Can anyone recommend a site near to the Eden Project, which is open in November?

Any info will be appreciated

Thanks
David & Angie


----------



## DABurleigh (May 9, 2005)

CL 1.5 miles away from Eden Project (worth checking by phone first).
MR & MRS W. THOMAS, OAK LODGE, BOSCUNDLE, ST AUSTELL PL25 3RJ 
[Tel:~ 01726 813348]
1½ac, el pts, Lanhydrock House NT 8m, sandy beach 1m, open all year. 
GPS Lat: 50.34445953 Long: -4.743497372

or
http://www.trewhiddle.co.uk/touring_park.asp
or
http://www.crinniscamping.co.uk/home.asp

Dave


----------



## Vita (May 16, 2005)

*Sites near Eden Project*

We stayed at Powderham Castle Tourist Park near Lostwithiel last year when it had just been taken over by new owners - it was a bit basic but huge pitches. Not sure if open in November tho' - 01208 872277. I don't remember any hardstandings and it is pretty wet here in Cornwall at the moment.
Carnon Downs Park is supposed to be pretty good, near Truro - 01872820762 - and open all year. Vita


----------



## Grizzly (May 9, 2005)

We spent Monday night at Chiverton Park near St Agnes ( 5 miles from Truro)
just off the A30

Looks like a brand new site, certainly all the facilities were first class with heated shower rooms, satellite TV on each pitch and even a sauna and gym ! There was hard standing. The site is open all year except in January. We were charged £8 for the night. There is a pub within walking distance and a Little Chef too ( !) We had the place to ourselves.

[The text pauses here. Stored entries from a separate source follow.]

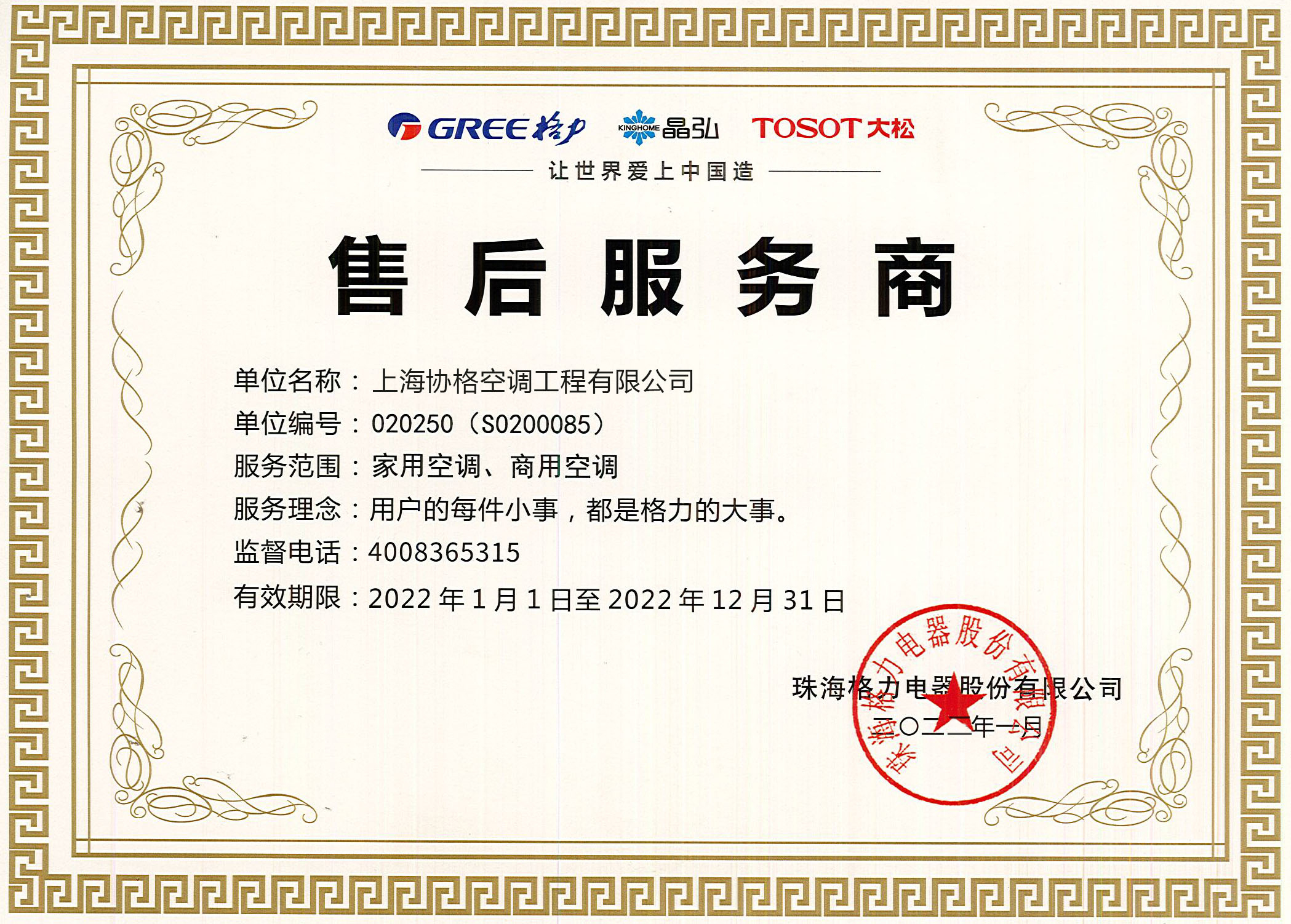 上海協(xié)格機電科技股份有限公司于2003年成立,是一家專業(yè)從事空調設計、銷售、安裝、維修、保養(yǎng)為一體的家用和商用空調專業(yè)公司。是格力空調上海地區(qū)的特約經(jīng)銷商和技術服務中心,是上海市家用電器安裝、維修以及資質企業(yè)。公司擁有暖通技術、高級工程師、工程安裝等多方面專業(yè)人才。公司常年以來堅持客戶利益至上的原則,設計、選材、安裝,力求精益求精,是上海地區(qū)格力授權服務商。
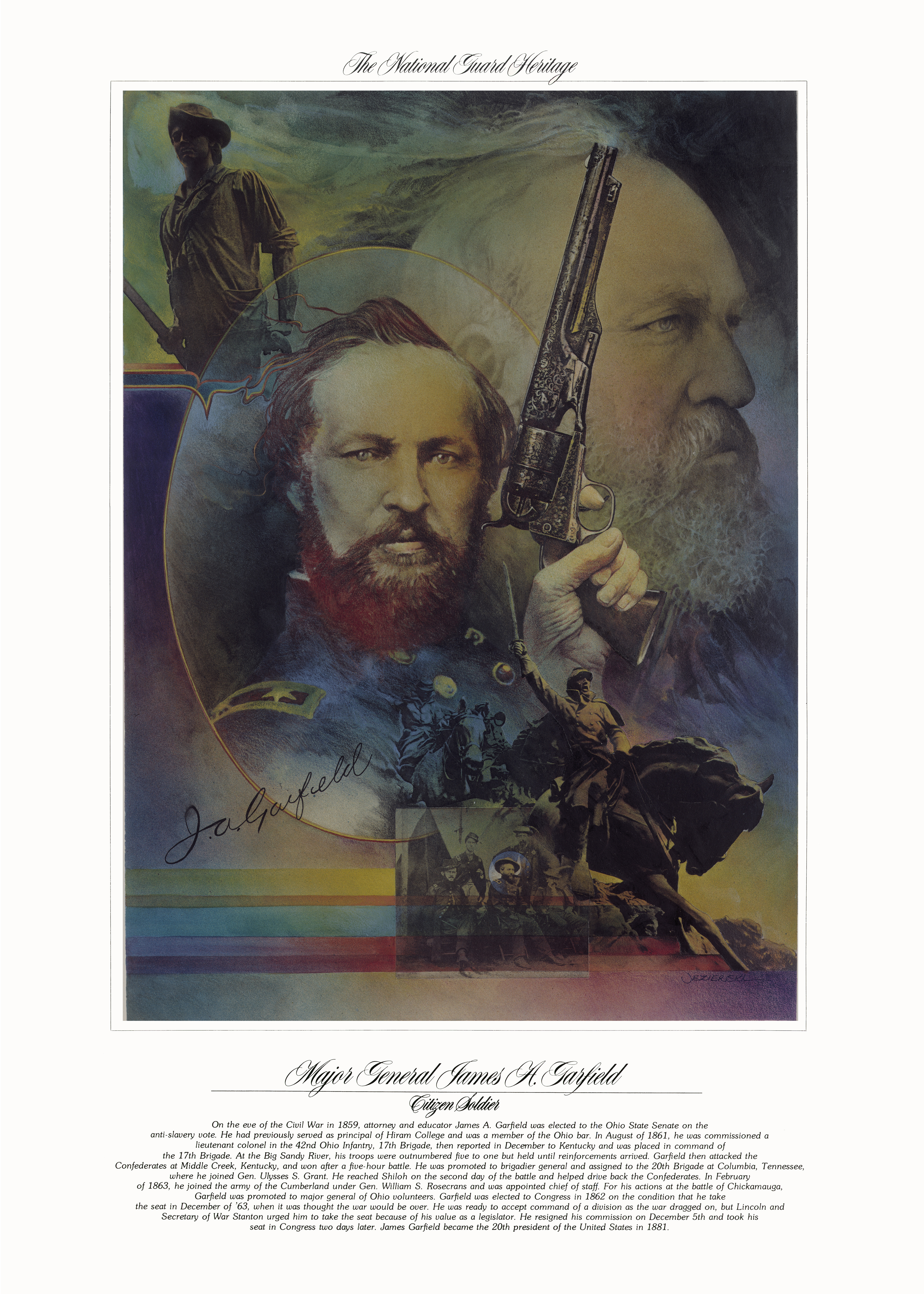 On the eve of the Civil War in 1859, attorney and educator James A. Garfield was elected to the Ohio State Senate on the anti-slavery vote. He had previously served as principal of Hiram College and was a member of the Ohio bar. In August of 1861, he was commissioned a lieutenant colonel in the 42nd Ohio Infantry, 17th Brigade, then reported in December to Kentucky and was placed in command of the 17th Brigade. At the Big Sandy River, his troops were outnumbered five to one but held until reinforcements arrived. Garfield then attacked the Confederates at Middle Creek, Kentucky, and won after a five-hour battle. He was promoted to brigadier general and assigned to the 20th Brigade at Columbia, Tennessee, where he joined General Ulysses S. Grant. He reached Shiloh on the second day of the battle and helped drive back the Confederates. In February of 1863, he joined the army of Cumberland under General William S. Rosecrans and was appointed chief to staff. For his actions at the battle of Chickamauga, Garfield was promoted to major general of Ohio Volunteers. Garfield was elected to Congress in 1862 on the condition that he take the seat in December of '63 when it was thought the war would be over. He was ready to accept command of a division as the war dragged on, but Lincoln and Secretary of War Stanton urged him to take the seat because of his value as a legislator. He resigned his commission on December 5th and took his seat in Congress two days later. James Garfield became the 20th president of the United States in 1881.
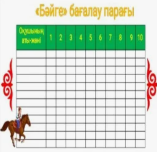 Интербелсенді тақтаның көмегімен рефлексия жасайды. Бәйгеге түскен оқушылардың ішінде мәреге жеткендері баллдық жүйемен бағаланады. |
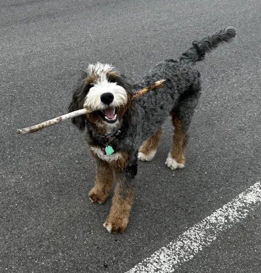 Scottie ist eine Standard Ultra Multigen Bernedoodle-Hündin mit einem Gewicht von 27 kg. Sie steht für Kraft, Stabilität und eine souveräne Präsenz innerhalb des größeren Bernedoodle-Typs. Ihr klar proportionierter Körperbau und ihr ruhiges Auftreten spiegeln eine gezielt aufgebaute Multigen-Linie wider.
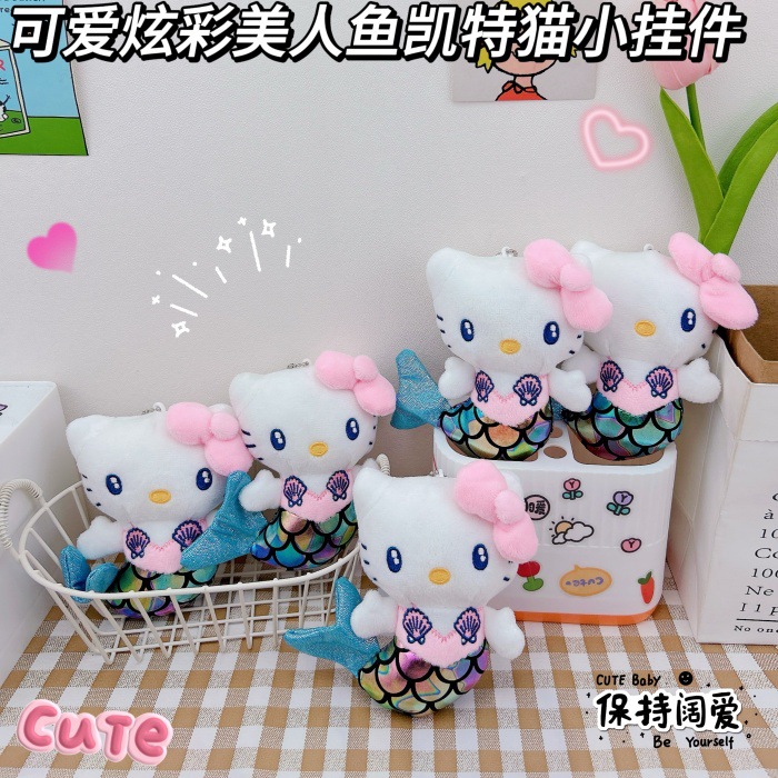 かわいいカラフルなマーメイドケイト猫のキーホルダーのアイデアkt猫ぬいぐるみカップルのバッグの卸売り
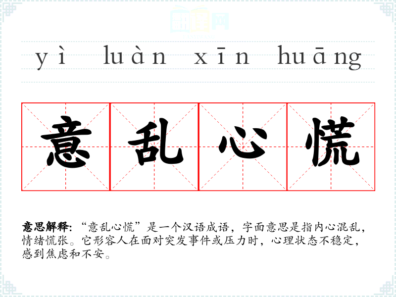 - 口语语境:在日常对话中,人们可能会用“意乱心慌”来形容自己在考试、面试或重大决策前的紧张情绪。
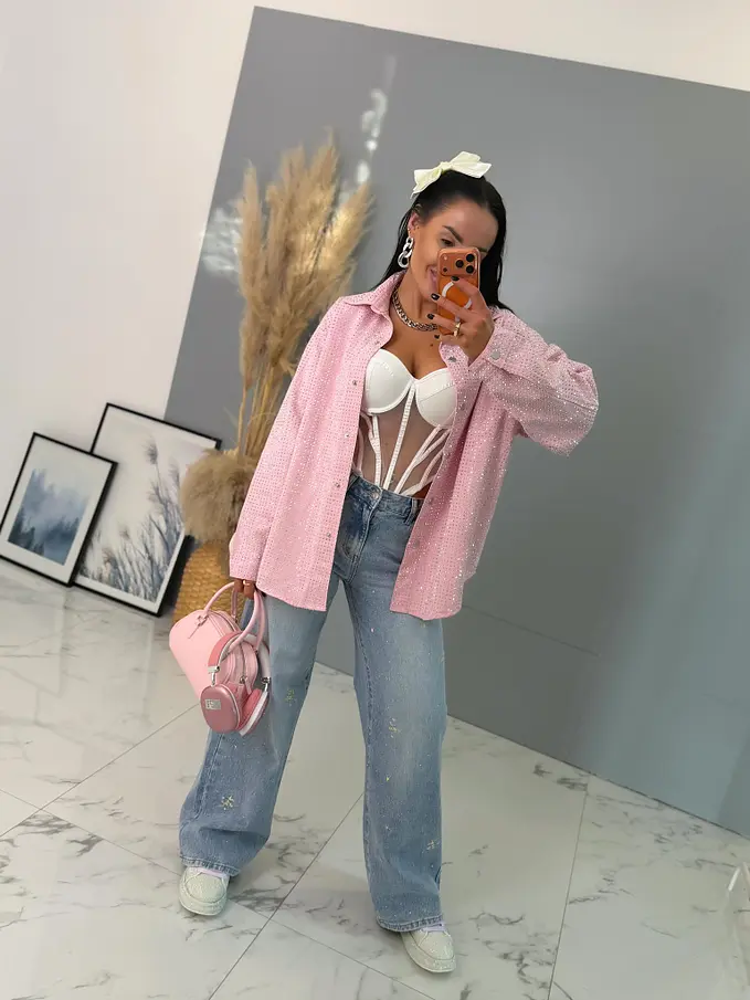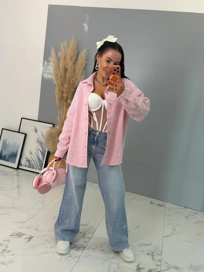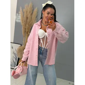 Gombos ing, strasszkövekkel díszített. Anyaga nem elasztikus. A kapcsok ezüst színűek.
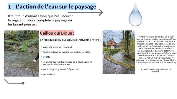 Prenons l'exemple de "caillou qui bique" l'eau participe au modelé des paysages (l'eau s'écoule sur les courches de roches, l'eau a creusée une valée, l'eau fragilise les caillou qui bique afin qu'il se fragilise et se penche après des millions années. les rivières à modeler les roches ou même de former la rivère. la différence est que du côté gauche et du côté droit l'eau n'est pas de la même vitesse, c'est un cours d'eau sinueux = méandre ! là ou le courant est plus rapide il y a une rive plus haute donc une pente douce.)
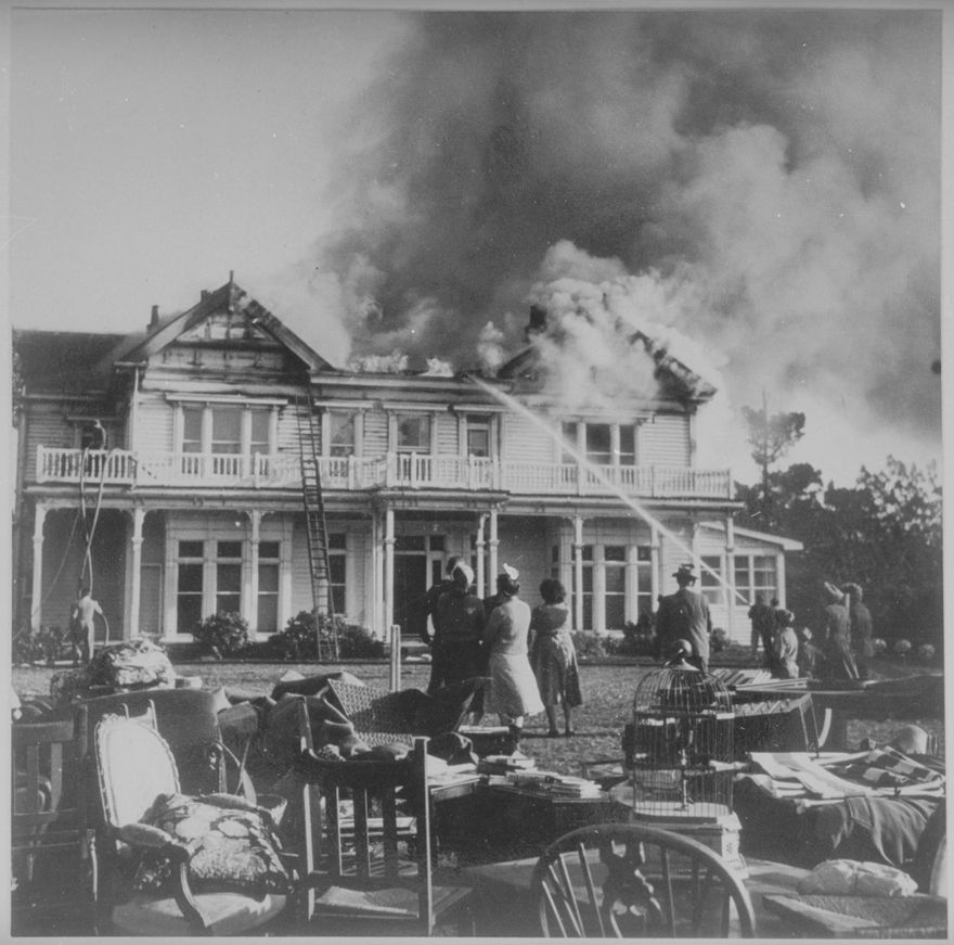 On 12 June 1961, Mr C M A Kebbell's two-storey home near Ashhurst was badly damaged by fire. Furniture and other personal effects were retrieved from the house by neighbours and firefighters, until the strengh of the fire became too severe.
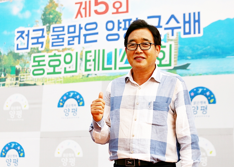 | 양평 김선교 군수는 매년 3천만원씩 양평군수배를 지원한다. 테니스 매니아로 주 2~3회 새벽에 공을 친다. 혼합복식에도 출전했다. |
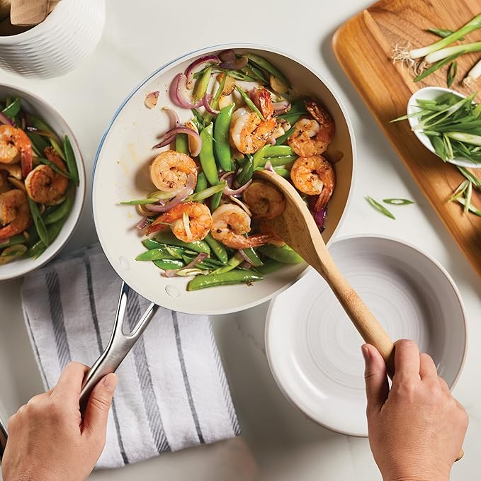 • EASY-CLEAN CERAMIC: High performance ceramic nonstick is made without PFAS, BPA, Lead, or Cadmium* for safe, consistent food release and fast, easy cleanup (*Manufacturing process does not involve adding to the product any of these substances which may otherwise be present in the environment)

It was certainly wet in Cornwall this week and we did have problems finding an all-weather site that was open.

www.chivertonpark.co.uk
tel 01872 560 667

G


----------



## peterandirene (May 9, 2005)

We stayed at the site below in the summer, very good and within walking distance of Eden (which makes you eligible for discounted entry). Can't find out whether it is open all year or not but worth a phone call.

Dennis & Eileen Retallick 

Doubletrees Farm
Luxulyan Road
St Blazey Gate
Par
St Austell
Cornwall
PL24 2EH 

Tel: 01726 812266 

Peter


----------



## Jules (May 23, 2005)

we stayed here a few years ago, and walked to the Eden Project
croft farm

It got a bit windy on the top field and the toilet tent blew down to we moved to the lower area for the second night.


----------